Are there better ways to use bisect (and to look at and understand the revision history) or am I right that the process would have been smoother if we had used rebaseif more in development. Alternately, can you help me understand more concretely what may go wrong using rebase in the non-conflict case: is it likely enough to cause problems that it should be avoided?
I’m tagging this more generally (not just mercurial) since I think rebaseif matches a more typical git workflow: git users may have seen the gotchas.
I think the answer is simple: you have to devide between hard bisects or risky rebasing.
Or, something in between: only rebase if it is very unlikely that the rebase silently breaks things. If a rebase involves only a few changesets which additionally are semantically distant to the changes they are rebased on, it's usually safe to rebase.
Here's an example, where a conflict-free merge breaks things:
Suppose two branches start from a file with this content:
def foo(a):
# do
# something
# with a (an integer)
...
foo(4)
In branch A, this is changed to:
def foo(a):
# now this function is 10 times faster, but only work with positive integers
assert a > 0
# do
# something with
# with a
...
foo(4)
In branch B, it is changed to:
def foo(a):
# do
# something
# with a (an integer)
...
foo(4)
...
foo(-1) # now we have a use case where we need to call foo with -1
Semantically, both edits conflict with each other. However, Mercurial happily merges them without conflicts (in both cases, when rebasing or when doing a regular merge):
def foo(a):
# now this function is 10 times faster, but only work with positive integers
assert a > 0
# do
# something with
# with a
...
foo(4)
...
foo(-1) # now we have a use case where we need to call foo with -1
The advantage of a merge is that a it allows to understand what went wrong at some later point, so you can fix things accordingly. A rebase might throw away information you need to understand bugs caused by automatic merges.
The main argument against git rebase
seems to be a philosophical one around "losing history", but if I really cared about that I'd make the final build step a checkin (or the first build step to track all the failed builds too!).

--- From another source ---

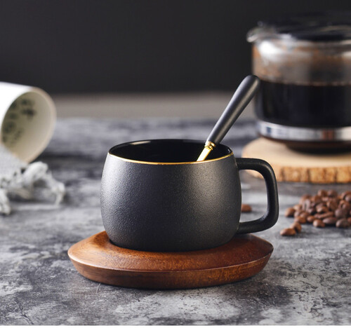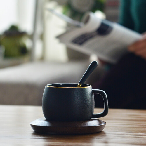 咖啡杯的杯沿具有描金设计,金边采用高品质金水,人工描绘而成,整体显露出一种奢华大气之感,品质非凡。
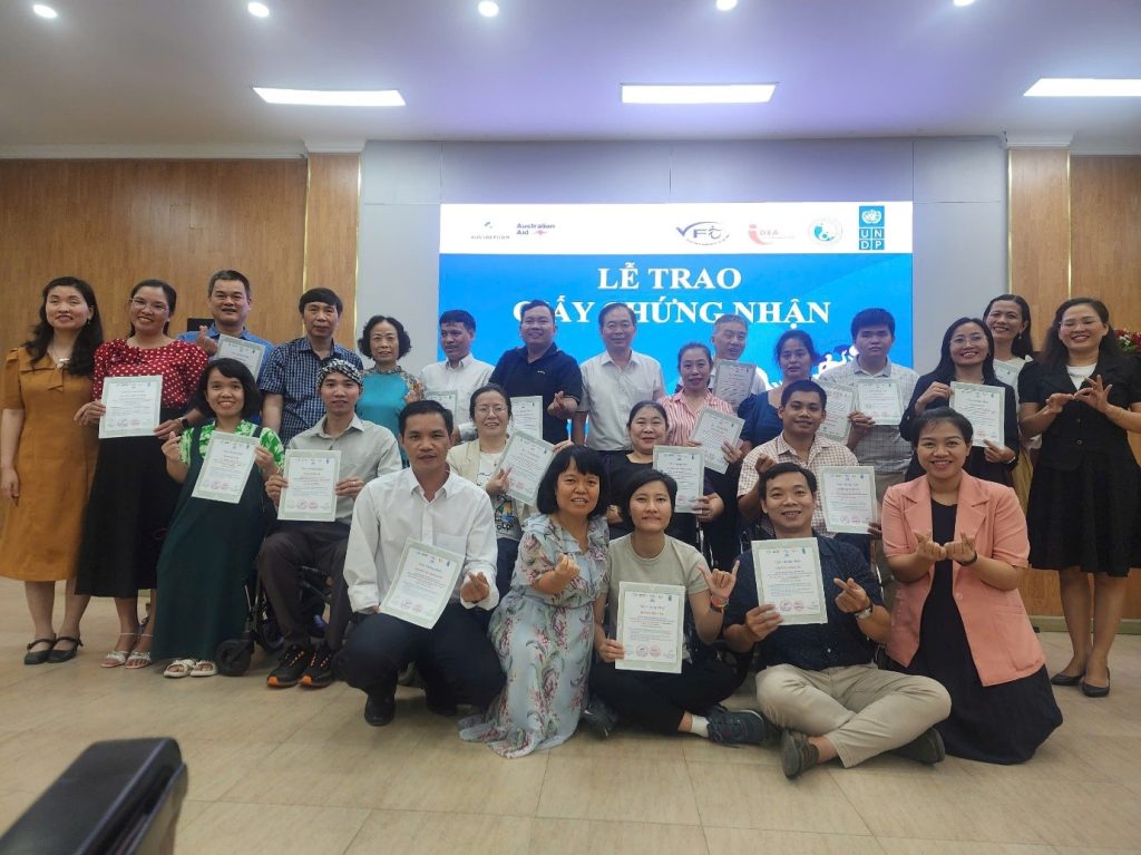 Lễ trao Giấy chứng nhận hoàn thành các nội dung tập huấn theo Chương trình bồi dưỡng kiến thức cơ bản và nâng cao về hệ thống chính trị Việt Nam cho một số NKT lớp miền Nam do Liên hiệp hội về người khuyết tật Việt Nam phối hợp cùng UNDP tổ chức từ năm 2022-2025.

I'm not particularly familiar with Mercurial or bisecting (except that it's a bit like git), but in my month-and-a-bit with git I exclusively stuck to rebase. I also use git rebase -i --autosquash
and git add -p
a lot.
IME, there's also not that much difference between a rebase and a merge when it comes to fixing conflicts — the answer you linked to suggests "rebaseif" is bad because the "if" conditions on whether the merge proceeded without conflict, whereas it should be conditioned on whether the codebase builds and tests pass.
Perhaps my thinking is skewed by an inherent weakness in git's design (it doesn't explicitly keep track of the history of a branch, i.e. the subset of commits that it's actually pointed to), or perhaps it's just how I work (check that the diff is sane and that it builds, although admittedly after a rebase I don't check that intermediate commits build).
(Aside: For personal projects I often would like to keep track of each build output and corresponding source snapshot, but I've yet to find anything which is good at doing so.)